Jokowi kian yakin dan mulai rajin melempar senyum ketika bersama Mendikbud Muhadjir Effendy meninjau SMP Negeri 4 Rote Barat Daya yang merupakan salah satu Unit Sekolah Baru (USB) di Kabupaten Rote Ndao, Provinsi Nusa Tenggara Timur (NTT). Sekolah yang telah dibangun sejak 2016 ini diresmikan oleh Presiden Jokowi. Saat ini SMPN 4 Rote Barat Daya memiliki 225 peserta didik.

Menteri Muhadjir melaporkan bahwa sekolah ini dibangun dengan mekanisme bantuan masyarakat dan dari dana Anggaran Pendapatan dan Belanja Negara (APBN). Upaya ini sejatinya kata Muhadjir adalah untuk menjaga dan menjalankan Nawacita.

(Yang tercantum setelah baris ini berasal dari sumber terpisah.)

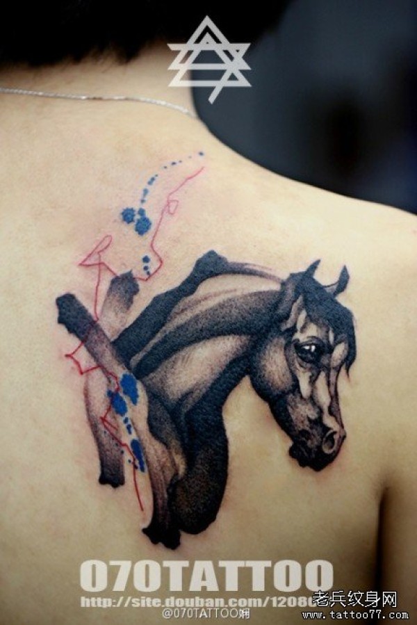 肩背潮流的一款概念风格的马纹身图案_肩部纹身图案大全_纹身图吧

“Saat ini kita berada di halaman SMPN 4 Rote Barat Daya, Kabupaten Rote Ndao, NTT. Sekolah ini dibangun pada tahun 2016 dengan mekanisme bantuan masyarakat dan dibiayai oleh APBN sebesar 1.8 miliar rupiah,” tutur Muhadjir dalam laporannya saat acara pemberian paket bantuan Kartu Indonesia Pintar (KIP) dan Program Keluarga Harapan (PKH) di Kabupaten Rote Ndao, NTT, Selasa (9/1/2018).

Selain SMPN 4 Rote Barat Daya, di Provinsi NTT terdapat sebanyak 71 USB, 11 USB berasrama, serta 24 SMP SATAP. Kemendikbud juga mengirim Guru Garis Depan (GGD) sebanyak 1170 guru pada tahun 2015-2017 dengan rincian 32 guru (2015) dan 52 guru (2017) untuk Kabupaten Rote Ndao.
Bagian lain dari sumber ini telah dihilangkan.